Eligibility.—Eligibility for a rental voucher or certificate is determined by the PHA based on total annual gross income and family size and is limited to U.S. citizens and specified categories of noncitizens who have eligible immigration status. In general, the family's income may not exceed 50% of the median income for the county or metropolitan area in which the family chooses to live.
The program regulations require that the PHA must use the same waiting list for admission to its tenant-based certificate and voucher programs. When a family's name reaches the top of the list, the family is offered the form of assistance that first becomes available. If a family refuses the form of assistance the PHA offers, the family may remain on the list and wait for the other form of assistance. If a family refuses offers of both certificate and voucher assistance, the PHA may then remove the family's name from the waiting list.
PHAs have discretion over whether to allow participating families to switch forms of assistance. Some PHAs permit families to switch if the PHA has the other form of assistance available at the time of the request, many PHAs do not.
Special Needs Assistance Programs (Homeless)
HUD administers a number of programs that offer housing and supportive services for homeless persons. These programs provide a range of housing, from emergency to transitional to permanent housing for persons with disabilities. A brief description of three of these programs follow.
Shelter Plus Care
S+C is a program designed to provide housing and supportive services on a long-term basis for homeless persons with disabilities (primarily those with serious mental illness, chronic problems with alcohol and/or drugs, and AIDS) and their families who are living in places not intended for human habitation (for example, cars, parks, and abandoned buildings) or in emergency shelters. The program allows for a variety of housing choices, and a range of supportive services funded by other sources, in response to the needs of the hard-to-reach homeless population with disabilities.

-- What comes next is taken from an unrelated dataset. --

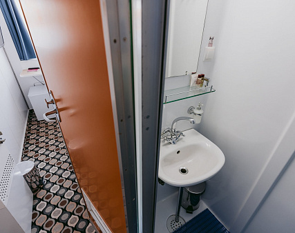 Расширена площадь санблока, отдельный душ, санузел, кондиционер. Площадь каюты — 26 кв.м.

Program grants are used for the provision of rental assistance payments. The supportive services may be funded by other Federal, State, or local sources, as well as private sources.
Section 8 Single Room Occupancy
SRO housing assistance is designed to bring more standard single room dwelling units into the local housing supply and to use those units to assist homeless persons. The SRO units might be in run down hotels, old schools, or even in large abandoned homes that have been rehabilitated.
HUD contracts with PHAs to rehabilitate residential properties for SRO housing. The PHAs make Section 8 rental assistance payments to participating owners on behalf of homeless individuals who rent the rehabilitated dwellings. The rental assistance payments cover the difference between a portion of the tenant's income (normally 30%) and the unit's rent, which must be within the fair market rent established by HUD.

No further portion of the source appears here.